After preprocessing the pyspark dataframe , I am trying to apply pipeline to it but I am getting below error:

java.lang.AssertionError: assertion failed: No plan for MetastoreRelation.

What is the meaning of this and how to solve this. My code has become quite large, so I will explain the steps 1. I have 8000 columns and 68k rows in my spark dataframe. Out of 8k columns, 500 are categorical to which I applied pyspark.ml one hot encoding as a stage in ml.pipeline encoders2 = [OneHotEncoder(inputCol=c, outputCol="{0}_enc".format(c)) for c in cat_numeric[i:i+2]]
but this is very slow and even after 3 hours it was not complete. I am using 40gb memory on each of 12 nodes!. 2. So I am reading 100 columns from pyspark dataframe , creating pandas dataframe from that and doing one hot encoding.

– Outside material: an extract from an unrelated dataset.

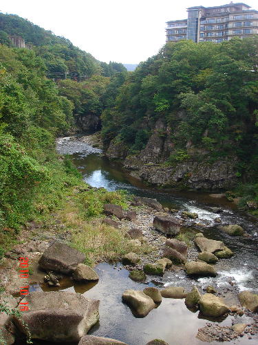 温泉街の入口にある渓谷、あまりにも近くにあるのでビックリ(^^ゞ

Then I transform pandas daaframe back into pyspark data and merge it with original dataframe. 3. Then I try to apply pipeline with stages of string indexer and OHE for categorical string features which are just 5 and then assembler to create 'features' and 'labels' . But in this stage I get the above error. 4. Please let me know if my approach is wrong or if I am missing anything. Also let me know if you want more information. Thanks

1
It's hard to tell what exactly is the rootcause, may be some code snippet can help to understand it properly. can you please add sample code.Rahul Sharma
Please add this details to your question by edit option.Rahul Sharma
@squid I am getting this error even when I run df.count() on my pyspark dataframe.Ajg

1 Answers

1
votes

This error was due to the order of joining the 2 pyspark dataframes. I tried changing the order of join from say a.join(b) to b.join(a) and its working.